What you should do » Pictures stay out of the copy; output exactly the lines from the one containing "В центре указан" through the end of the material.

Recorded data »

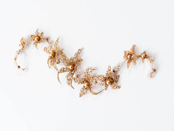 Flores de cobre esmaltado tejido en color dorado viejo y cristales transparentes.
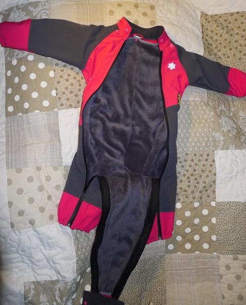 první pokus té rozepínací kombinézy pro Jášu. Tohle teda není pro něj 😀 ale jako zkouška střihu dobrý. Rozepínací až dolů, odepínací coralová vrstva, aby byla využitelná i teď. Na zádech je guma, proto vypadá tak beztvaře. Nemůžu se dočkat, až dorazí model a narvu ho do toho 😀
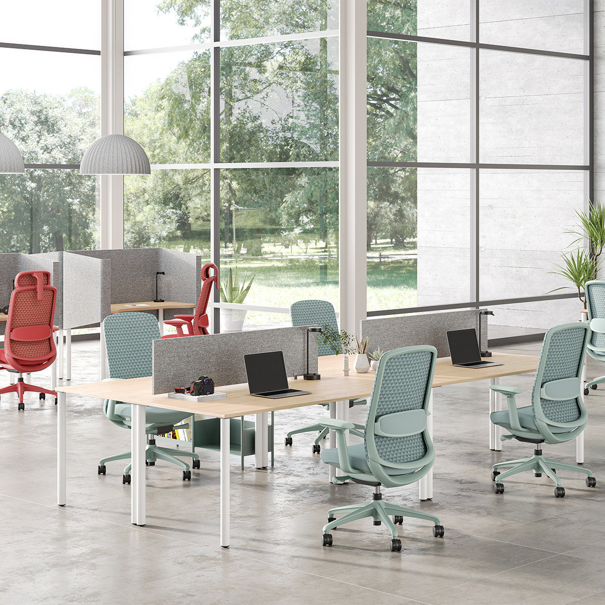 3Dメッシュ加工の凹凸ある張地は独特な肌触りがあり、印象的なワントーンカラーはオフィス空間に上質な明るさと心地よい活気をもたらします。
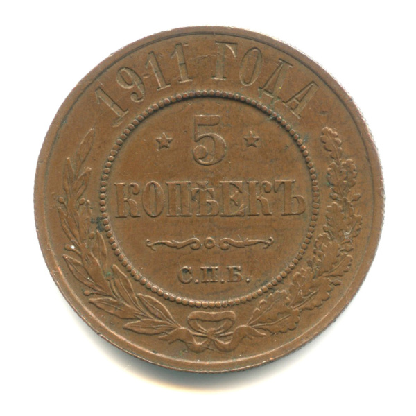 В центре указан номинал — цифра «5», ограниченная с обеих сторон звездочками. Под цифрой номинала — слово «КОПЕЕК». Ниже, расположен декоративный разделитель в виде двух изогнутых линий и небольшой окружности между ними. Под разделителем — обозначение монетного двора «С.П.Б.». Центральная часть отделена от остального изображения, окружностью в виде точек. В верхней части полукругом углубленная надпись: «1911 ГОДА». Вдоль канта изображен венок из лавровой и дубовой ветвей, которые, в нижней части, перевязаны лентой на узел бантом.
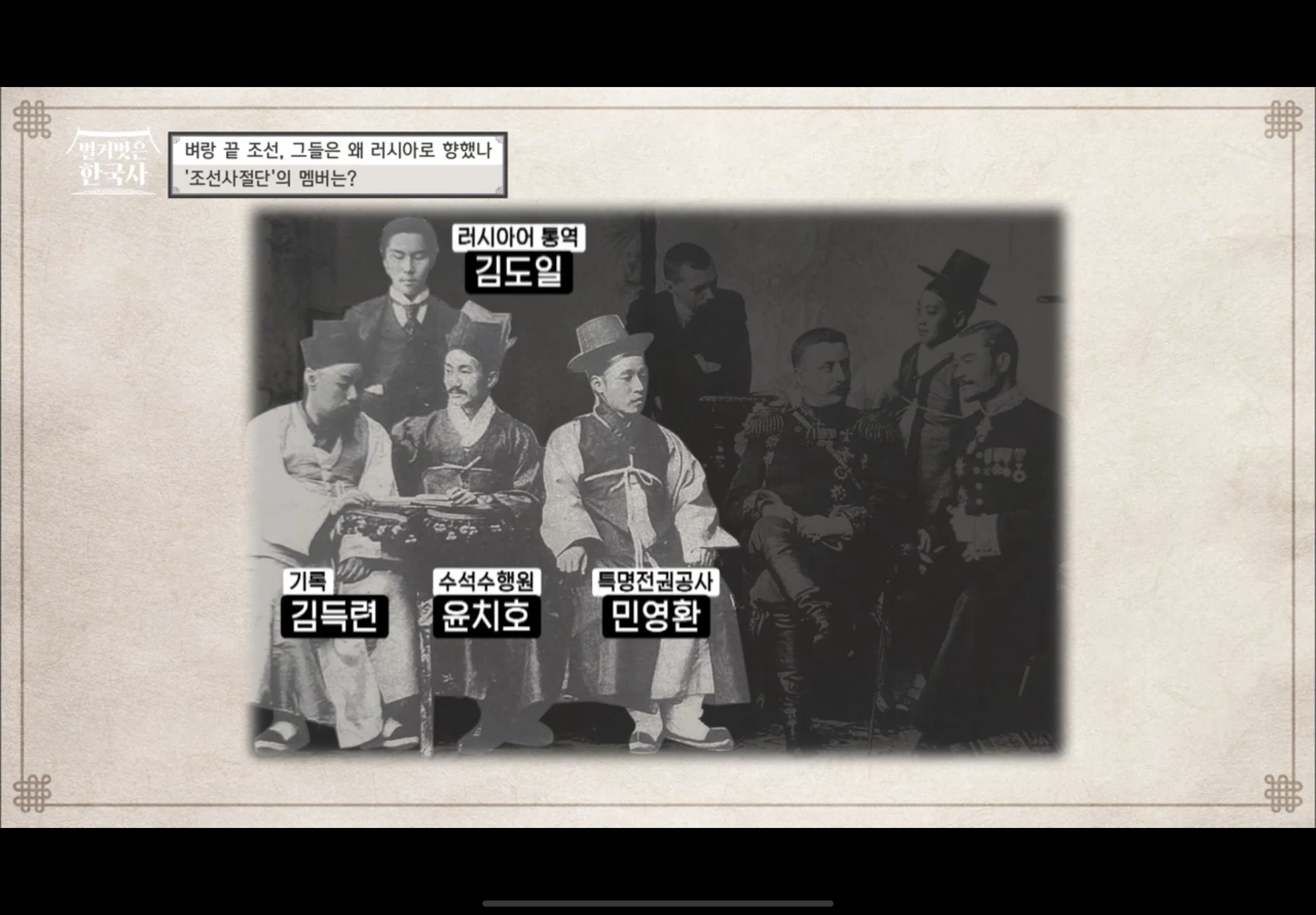조선 사절단을 이끌 수장은 민영환이었다. 민영환은 명성황후의 집안이자 고종의 외가 친척인 여흥 민씨 가문으로, 17살에 과거에 급제한 비상한 머리와 조정 진출 이후에도 초고속 승진을 하며 병조판서, 형조판서를 역임한 인재였다. 게다가 국제 정세도 밝은 민영환을 고종은 사절단에 적임이라 생각하여 특명전권공사 직함을 내리고 외교의 전권을 부여한다. 그렇게 민영환을 주축으로 한 외교 사절단은 수석수행원 윤치호, 기록 김득련, 러시아어 통역 김도일, 민영환 개인비서 손희영까지 5명으로 구성되었다. 민영환은 고종이 절박한 심정으로 써 내려간 문서를 러시아 황제에게 전달하고, 조선이 필요한 요구를 협상해야 하는 막중한 임무를 맡게 된다.
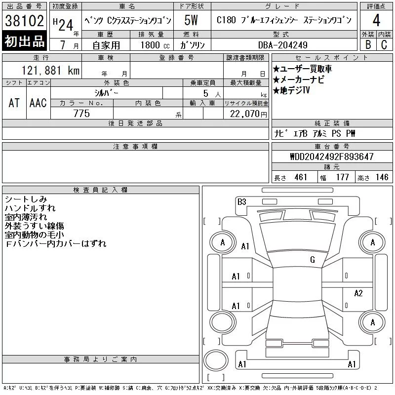 • Комплектация: C180 Bエフィ ステ-ション Wagon
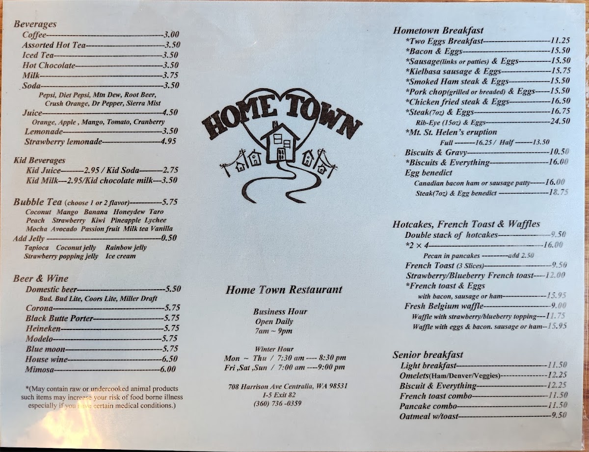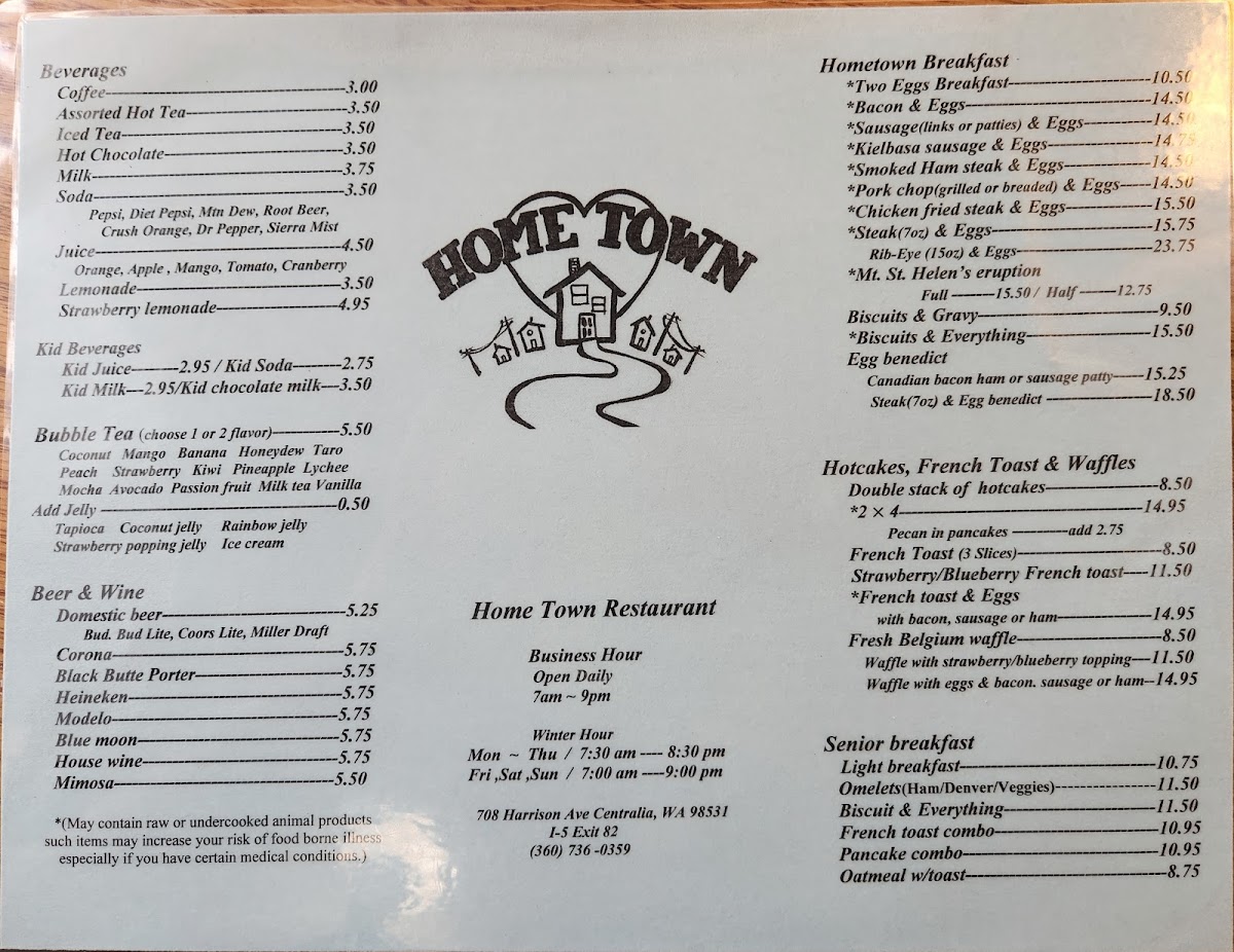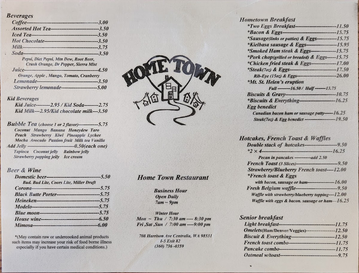 Welcome to Hometown Restaurant, located at 708 Harrison Ave, Centralia, WA, where cozy ambiance meets mouthwatering flavors. This beloved pho restaurant has garnered rave reviews for its hearty menu, beginning with standout breakfast options like the Mt. St. Helens breakfast and their famous ham and eggs.
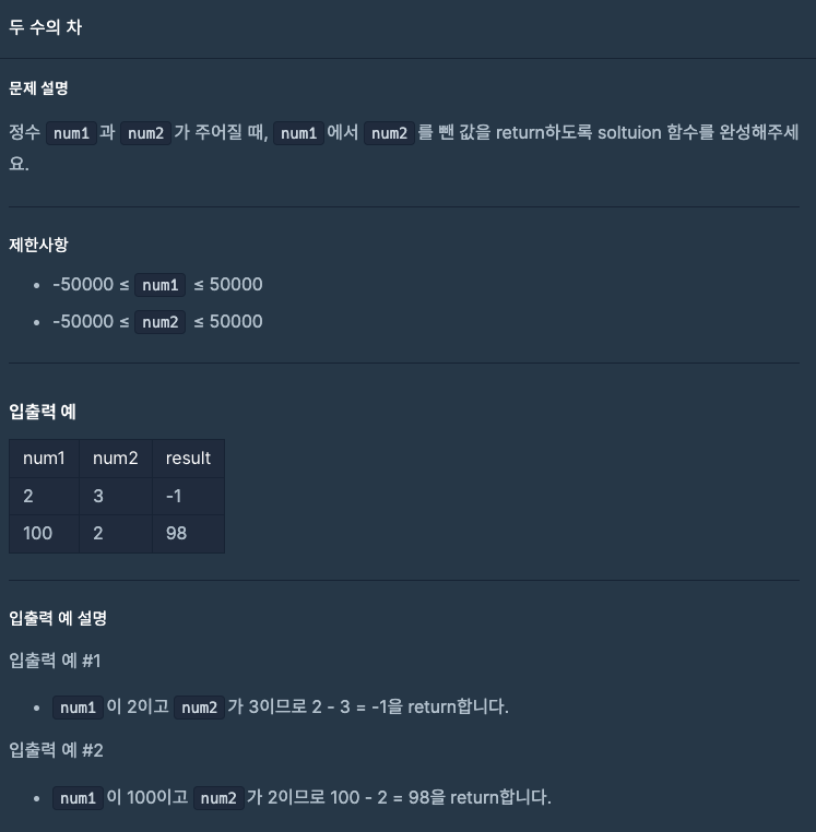 정수 num1과 num2가 주어질 때, num1에서 num2를 뺀 값을 return하도록 soltuion 함수를 완성해주세요.

Exercise result »
 В центре указан номинал — цифра «5», ограниченная с обеих сторон звездочками. Под цифрой номинала — слово «КОПЕЕК». Ниже, расположен декоративный разделитель в виде двух изогнутых линий и небольшой окружности между ними. Под разделителем — обозначение монетного двора «С.П.Б.». Центральная часть отделена от остального изображения, окружностью в виде точек. В верхней части полукругом углубленная надпись: «1911 ГОДА». Вдоль канта изображен венок из лавровой и дубовой ветвей, которые, в нижней части, перевязаны лентой на узел бантом.
조선 사절단을 이끌 수장은 민영환이었다. 민영환은 명성황후의 집안이자 고종의 외가 친척인 여흥 민씨 가문으로, 17살에 과거에 급제한 비상한 머리와 조정 진출 이후에도 초고속 승진을 하며 병조판서, 형조판서를 역임한 인재였다. 게다가 국제 정세도 밝은 민영환을 고종은 사절단에 적임이라 생각하여 특명전권공사 직함을 내리고 외교의 전권을 부여한다. 그렇게 민영환을 주축으로 한 외교 사절단은 수석수행원 윤치호, 기록 김득련, 러시아어 통역 김도일, 민영환 개인비서 손희영까지 5명으로 구성되었다. 민영환은 고종이 절박한 심정으로 써 내려간 문서를 러시아 황제에게 전달하고, 조선이 필요한 요구를 협상해야 하는 막중한 임무를 맡게 된다.
 • Комплектация: C180 Bエフィ ステ-ション Wagon
 Welcome to Hometown Restaurant, located at 708 Harrison Ave, Centralia, WA, where cozy ambiance meets mouthwatering flavors. This beloved pho restaurant has garnered rave reviews for its hearty menu, beginning with standout breakfast options like the Mt. St. Helens breakfast and their famous ham and eggs.
 정수 num1과 num2가 주어질 때, num1에서 num2를 뺀 값을 return하도록 soltuion 함수를 완성해주세요.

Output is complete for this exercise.